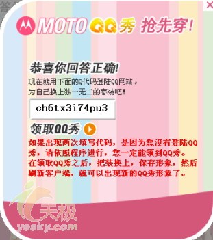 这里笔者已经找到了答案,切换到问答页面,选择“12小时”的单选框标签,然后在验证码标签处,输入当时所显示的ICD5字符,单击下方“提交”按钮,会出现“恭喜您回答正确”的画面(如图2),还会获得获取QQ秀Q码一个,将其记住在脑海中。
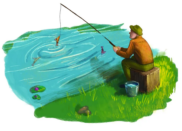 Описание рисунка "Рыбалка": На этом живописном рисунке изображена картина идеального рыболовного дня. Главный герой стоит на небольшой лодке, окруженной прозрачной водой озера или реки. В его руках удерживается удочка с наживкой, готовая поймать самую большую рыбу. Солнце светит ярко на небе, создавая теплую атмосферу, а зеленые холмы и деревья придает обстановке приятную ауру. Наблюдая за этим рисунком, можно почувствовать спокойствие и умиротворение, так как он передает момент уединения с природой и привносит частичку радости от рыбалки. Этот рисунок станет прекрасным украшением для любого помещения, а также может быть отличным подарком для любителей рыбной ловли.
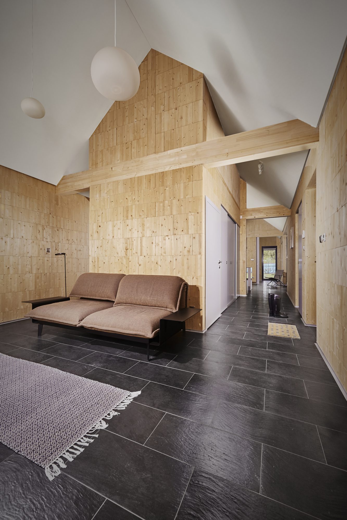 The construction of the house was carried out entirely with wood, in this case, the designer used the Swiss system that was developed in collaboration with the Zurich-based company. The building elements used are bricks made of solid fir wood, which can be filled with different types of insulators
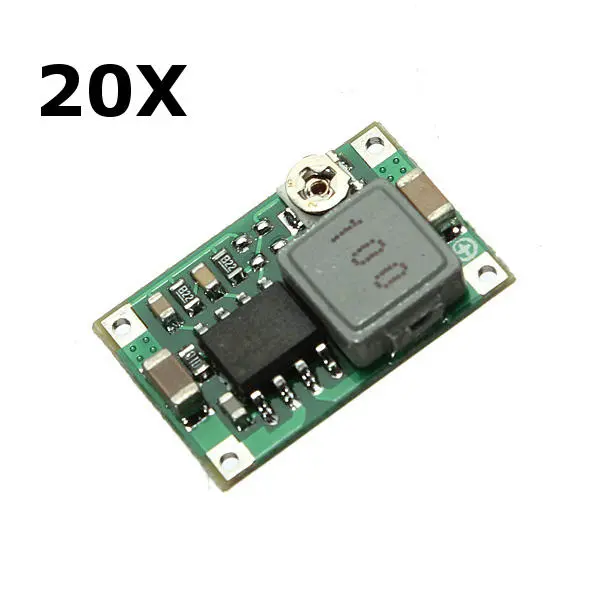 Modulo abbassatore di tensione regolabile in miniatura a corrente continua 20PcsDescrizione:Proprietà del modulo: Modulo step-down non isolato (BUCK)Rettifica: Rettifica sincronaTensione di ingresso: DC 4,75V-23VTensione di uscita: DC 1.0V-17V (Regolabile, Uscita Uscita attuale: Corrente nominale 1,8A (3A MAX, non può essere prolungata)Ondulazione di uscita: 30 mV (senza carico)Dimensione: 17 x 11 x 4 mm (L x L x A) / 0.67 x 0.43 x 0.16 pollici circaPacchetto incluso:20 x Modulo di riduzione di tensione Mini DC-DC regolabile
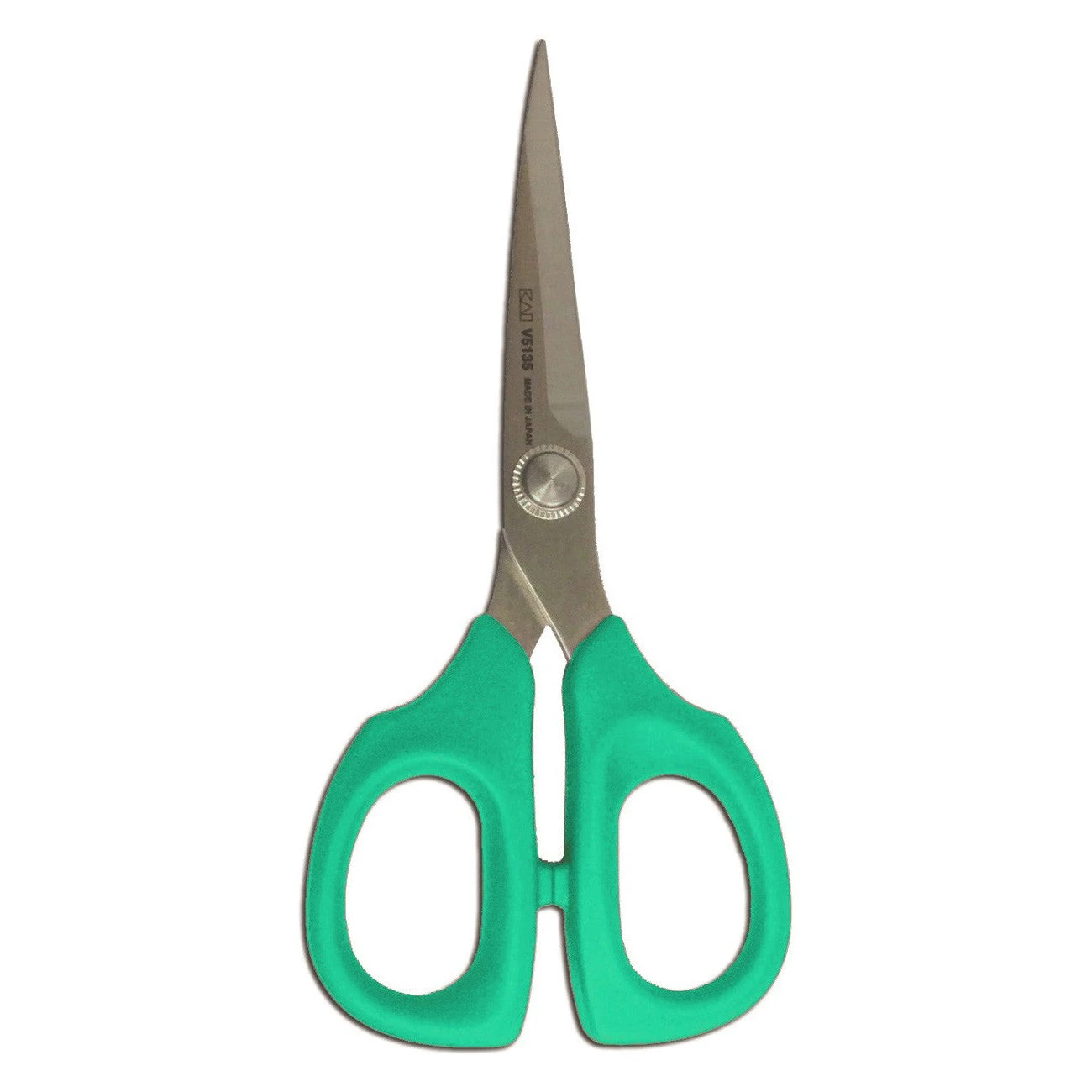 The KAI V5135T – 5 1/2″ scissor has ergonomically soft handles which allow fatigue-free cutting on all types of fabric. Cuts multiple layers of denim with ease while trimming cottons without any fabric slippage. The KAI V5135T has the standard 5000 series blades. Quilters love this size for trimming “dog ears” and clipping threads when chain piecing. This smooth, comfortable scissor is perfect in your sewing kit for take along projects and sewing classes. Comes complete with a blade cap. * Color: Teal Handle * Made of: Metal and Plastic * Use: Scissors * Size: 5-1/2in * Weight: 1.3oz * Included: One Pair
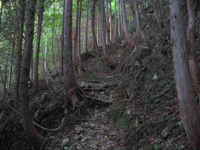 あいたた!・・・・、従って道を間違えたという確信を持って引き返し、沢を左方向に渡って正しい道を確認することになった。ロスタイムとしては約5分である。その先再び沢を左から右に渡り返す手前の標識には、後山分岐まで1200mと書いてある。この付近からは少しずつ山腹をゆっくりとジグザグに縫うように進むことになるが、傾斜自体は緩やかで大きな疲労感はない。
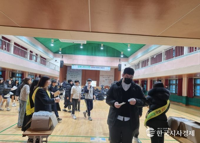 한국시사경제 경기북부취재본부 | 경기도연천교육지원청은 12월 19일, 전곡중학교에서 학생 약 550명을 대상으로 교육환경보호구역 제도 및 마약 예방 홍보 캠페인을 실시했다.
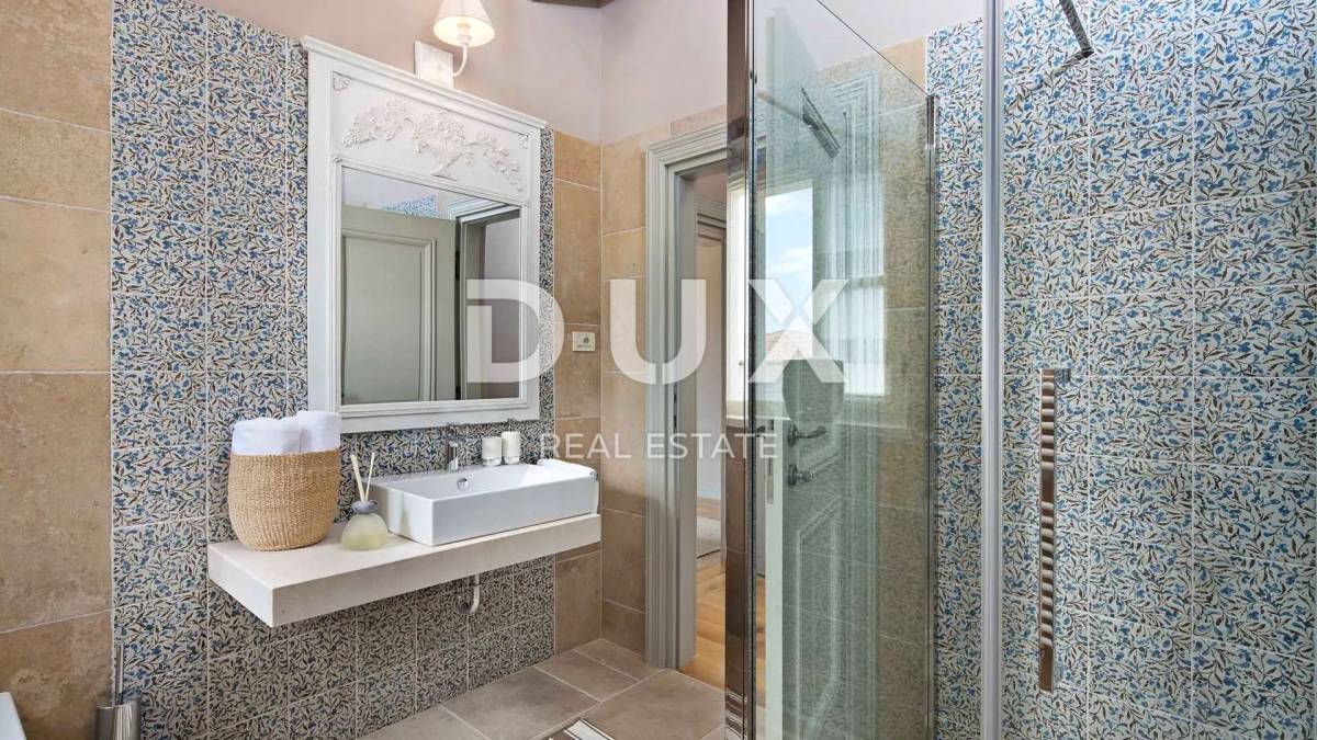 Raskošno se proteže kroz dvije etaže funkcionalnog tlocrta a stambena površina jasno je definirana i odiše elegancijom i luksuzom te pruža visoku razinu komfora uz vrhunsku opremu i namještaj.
---
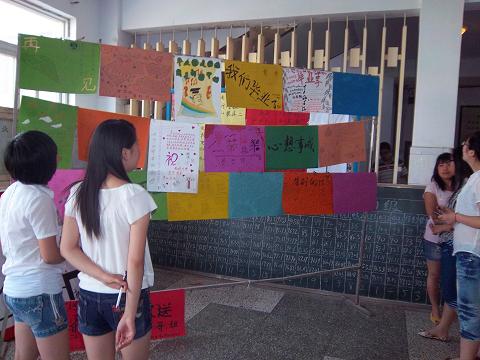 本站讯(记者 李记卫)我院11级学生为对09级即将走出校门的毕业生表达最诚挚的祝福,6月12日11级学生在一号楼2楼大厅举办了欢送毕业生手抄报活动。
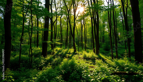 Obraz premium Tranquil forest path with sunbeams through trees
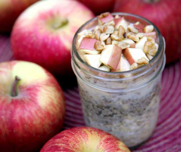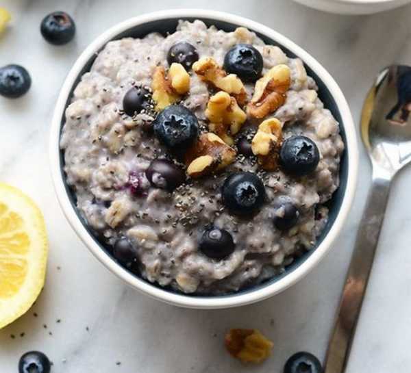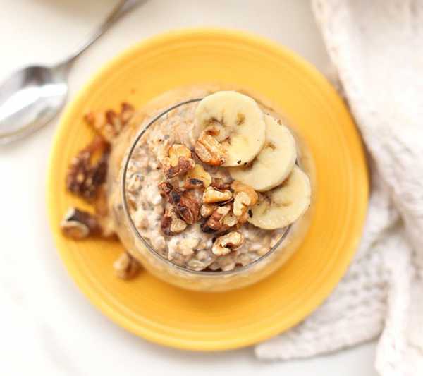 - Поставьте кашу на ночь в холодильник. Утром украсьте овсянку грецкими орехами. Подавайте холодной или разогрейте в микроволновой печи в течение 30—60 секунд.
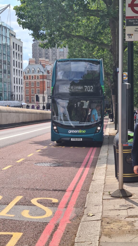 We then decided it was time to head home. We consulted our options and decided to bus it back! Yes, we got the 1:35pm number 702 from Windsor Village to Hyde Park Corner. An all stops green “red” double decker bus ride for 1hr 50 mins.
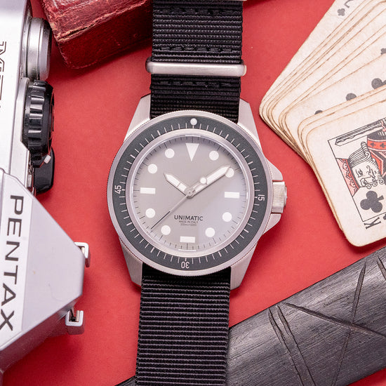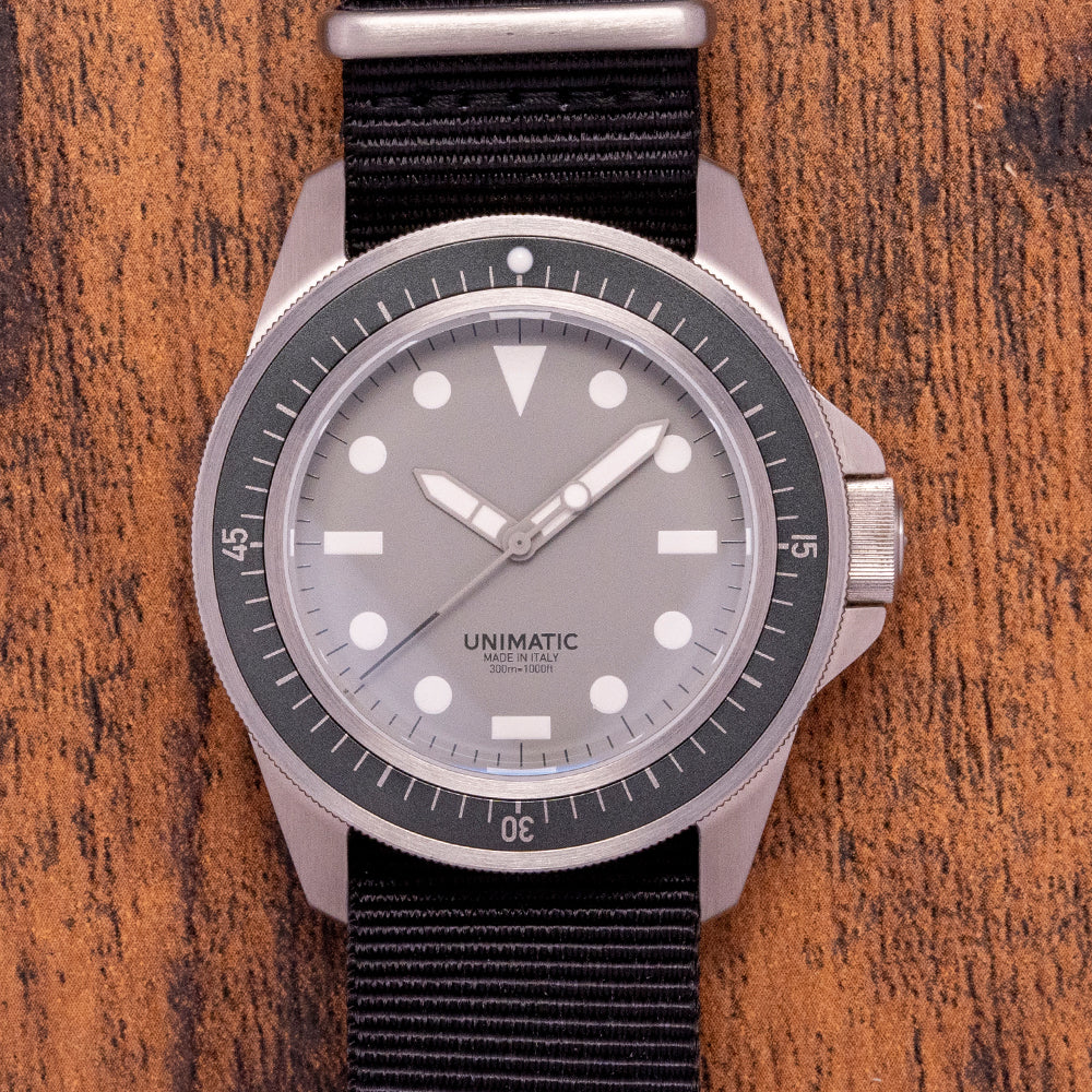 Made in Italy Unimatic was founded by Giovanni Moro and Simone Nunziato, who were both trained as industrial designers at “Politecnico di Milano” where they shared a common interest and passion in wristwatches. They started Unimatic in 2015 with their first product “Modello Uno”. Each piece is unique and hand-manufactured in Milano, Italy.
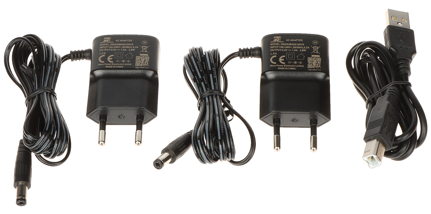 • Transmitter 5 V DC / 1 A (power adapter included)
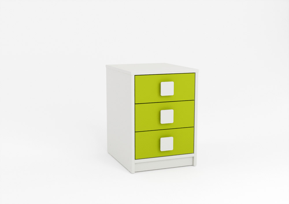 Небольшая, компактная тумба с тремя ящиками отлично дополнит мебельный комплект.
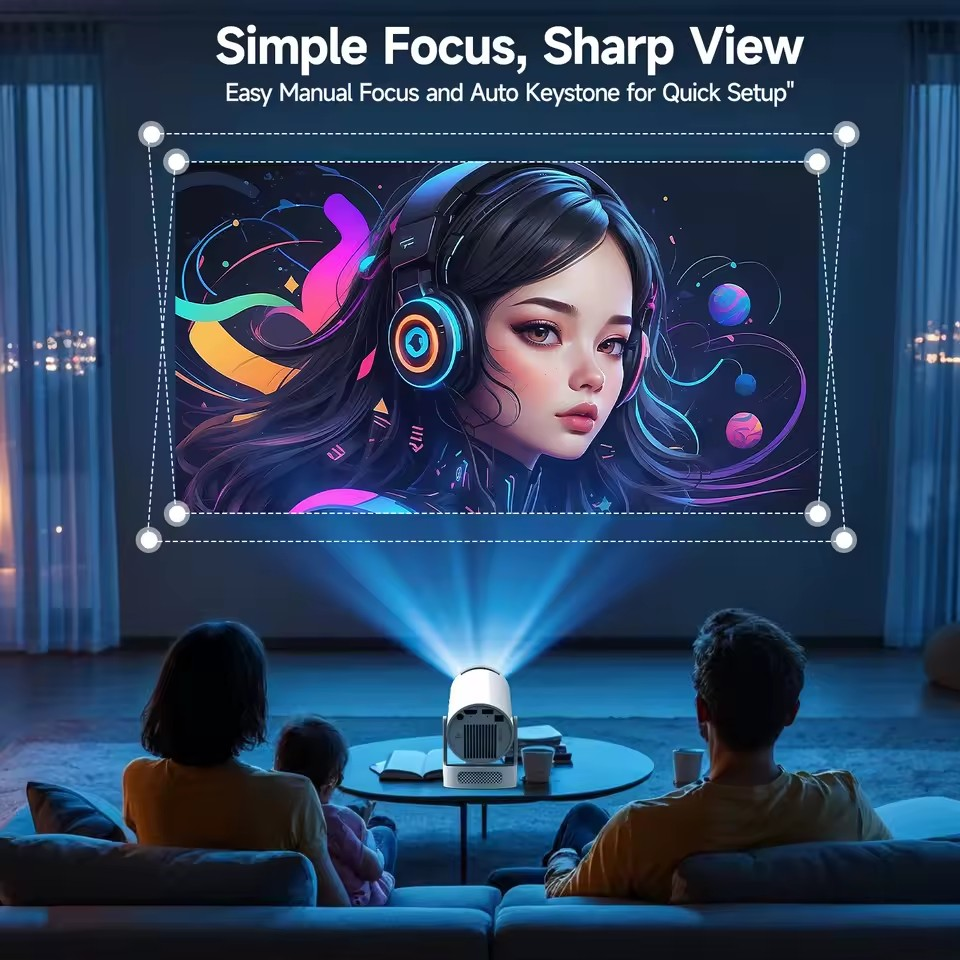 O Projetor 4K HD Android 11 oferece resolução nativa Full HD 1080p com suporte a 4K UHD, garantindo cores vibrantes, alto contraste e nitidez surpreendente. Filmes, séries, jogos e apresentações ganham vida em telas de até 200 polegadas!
...
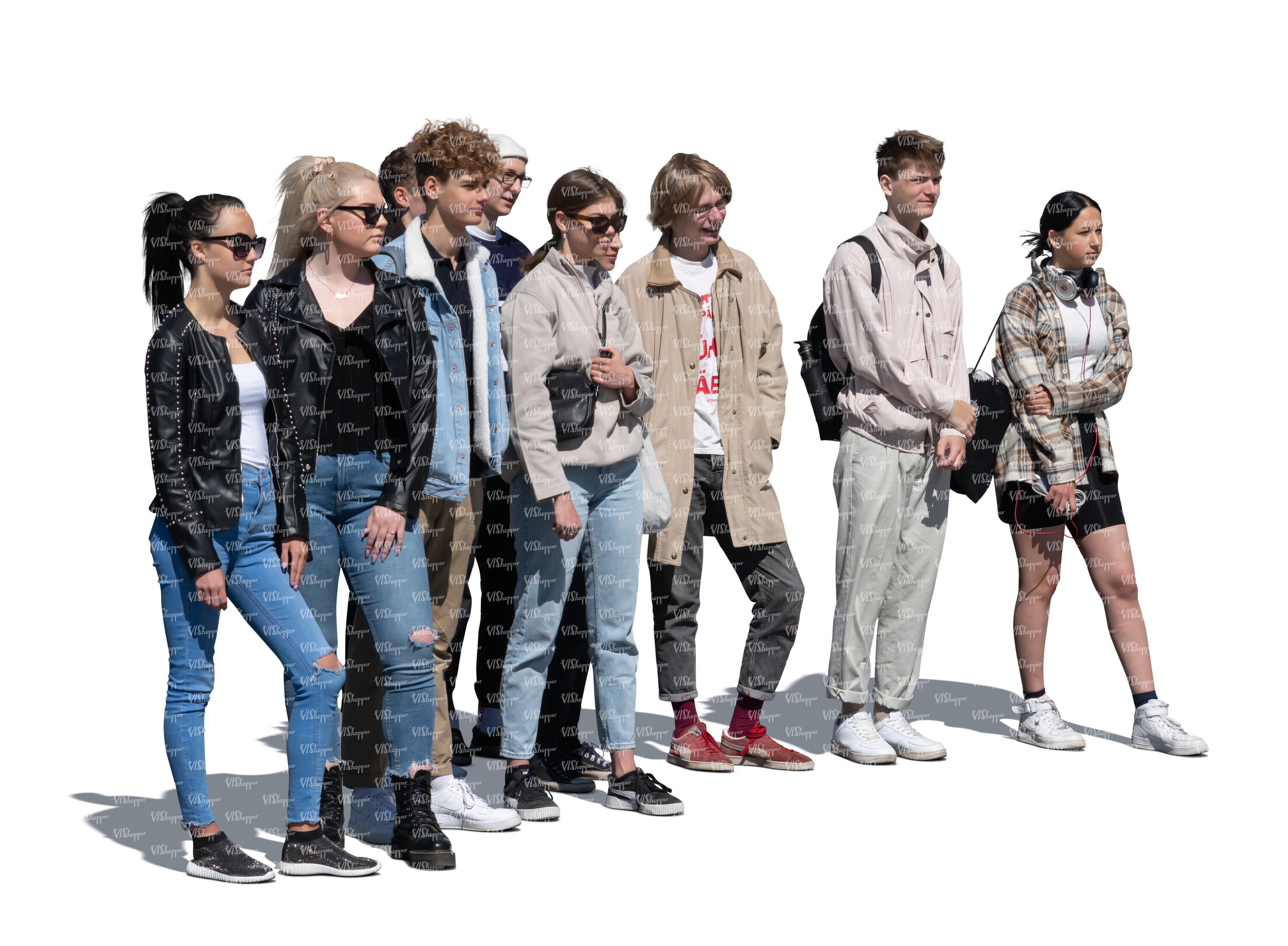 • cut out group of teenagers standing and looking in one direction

Exercise description:
Between and including the line with "Obraz premium Tranquil" and the line with "O Projetor 4K", repeat every line exactly as it appears above, with pictures left out.

Task response:
 Obraz premium Tranquil forest path with sunbeams through trees
 - Поставьте кашу на ночь в холодильник. Утром украсьте овсянку грецкими орехами. Подавайте холодной или разогрейте в микроволновой печи в течение 30—60 секунд.
 We then decided it was time to head home. We consulted our options and decided to bus it back! Yes, we got the 1:35pm number 702 from Windsor Village to Hyde Park Corner. An all stops green “red” double decker bus ride for 1hr 50 mins.
 Made in Italy Unimatic was founded by Giovanni Moro and Simone Nunziato, who were both trained as industrial designers at “Politecnico di Milano” where they shared a common interest and passion in wristwatches. They started Unimatic in 2015 with their first product “Modello Uno”. Each piece is unique and hand-manufactured in Milano, Italy.
 • Transmitter 5 V DC / 1 A (power adapter included)
 Небольшая, компактная тумба с тремя ящиками отлично дополнит мебельный комплект.
 O Projetor 4K HD Android 11 oferece resolução nativa Full HD 1080p com suporte a 4K UHD, garantindo cores vibrantes, alto contraste e nitidez surpreendente. Filmes, séries, jogos e apresentações ganham vida em telas de até 200 polegadas!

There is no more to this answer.